The Three Kings [aka Stooges]

Wednesday evening three old friends from Texas, Arizona, and northern Illinois descended on the Shoemaker home in Urbana, IL to sing their own semi-humorous re-write of the traditional Epiphany hymn We Three Kings. They concluded by presenting gold, frankincense, and myrrh to our mutual friend Steve Shoemaker. There’s a video of the trio on Steve’s FaceBook page for those want to watch and sing along. Steve, diagnosed with terminal cancer, is feeling remarkably well – even got up to make oatmeal for the guys the next morning!

EPIPHANY 2016

A Tribute to the Rev. Dr. Steve Shoemaker (Harry Lee Strong)
(Tune: Three Kings of Orient; John Henry Hopkins, 1857)

We three friends from north, south, and west
Gather here as your grateful guests.
Pardon our singing – gifts we are bringing,
Just hoping not to be pests.

O … Husband, father, poet, bard:
How we loathe your journey hard!
If we could, you know we would
Make this damn disease retard!

It’s so good to see you again
Here at home on your Illinois plain,
Still with humor, despite tumors,
Teaching to die is to gain.

O … Talk show host and scholar bright:
Few compete with your great height!
On the air and through your care,
Keepin’ Faith both day and night.

Only God can possibly know
How many lives you’ve enabled to grow:
Words and actions, breaking down factions,
Allowing your light to show.

O … Classmate, preacher, prophet bold:
No respect do we withhold!
From our coffers we now offer
Frankincense and myrrh and gold.

  • Gordon C. Stewart, Chaska, MN, January 8, 2016. Wish I’d been there.

Another Use for Vaseline in 2016

Three gifts are mentioned in the story of the Three Kings, aka the Wise men, and the Magi: gold, frankincense, and myrrh.

Moments ago, on Epiphany, three seminary friends arrived at Steve and Nadja Shoemaker’s home on the prairie near Urbana, Illinois.
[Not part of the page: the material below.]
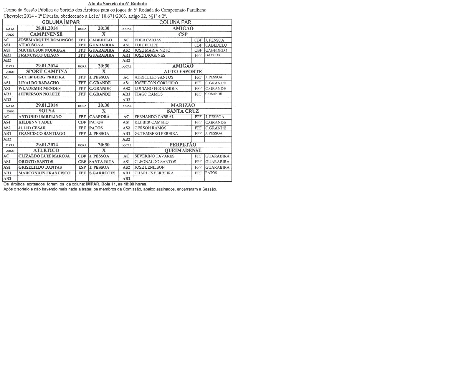 A sexta rodada da primeira fase do Campeonato Paraibano de 2014 começa nesta terça-feira, com o jogo entre Campinense 1×0 CSP, no estádio Amigão, às 20h30, em Campina Grande. Mais três partidas serão disputadas na quarta-feira: Atlético x Queimadense, Sport Campina x Auto Esporte e Sousa x Santa Cruz. Veja a escala de árbitros completa:

It’d be a stretch to call Harry, Bob, and Don the Three Kings or the Wise Men. More like three wise guys, not from the East, but from the West and North – Corsicana, Texas; Prescott, Arizona; and Highland Park, Illinois – bringing a lighter touch to Steve, the patient with the terminal diagnosis of pancreatic cancer.

Harry, the musician among them, will lead them in his own freshly-written lyrics to the tune of the Epiphany hymn “We Three Kings” – a trio of bass and baritone voices – bringing laughter to the room Kay and I can hear all the way in Minnesota.

Many years ago, a similar thing happened in New York City where Episcopal lay theologian William (Bill) Stringfellow was in Surgical Intensive Care following near fatal pancreatic surgery.

Entering the room following the surgery, Stringfellow’s close friend Bishop James A. Pike exclaimed, “Well, I’m a bishop. I should do something!” He promptly disappeared. Moments later he returned with Bill’s attending nurse and a large bottle of petroleum jelly. He consecrated the jelly, declaring to the nurse with typical Pike humor that “this substance has now been set apart for uses other than those ordinary and familiar for Vaseline.”

“Taking a thumbful of this freshly made urgent, he came to the bedside and anointed me,” wrote Stringfellow, “signing my forehead with the cross, and saying:

“‘I anoint you in the name of God; beseeching the mercy of our Lord Jesus Christ, that all your pain and sickness of body being put to flight, the blessing of health may be restored to you. Amen.'” [William Stringfellow, A Second Birthday, Doubleday & Company, 1970]

The bishop’s prayer of unction for the sick was near verbatim from The Book of Common Prayer of the Episcopal Church.

When the surgeon told the patient that his recovery was spectacular, Stringfellow replied, “That doesn’t surprise me at all. I was anointed by Bishop Pike! – what else would you expect?”

This Day of Epiphany, I hope the Three Wise Men, Steve and Nadja may enjoy the same fellowship, humor, and prayer all these years later. They bring no gold, frankincense or myrrh, but everyone in the Urbana gathering tonight knows that when the end is in sight, only the frankincense, the myrrh, and telling stories only dear friends call tell are appropriate. The third gift – gold – no longer matters, if it ever did!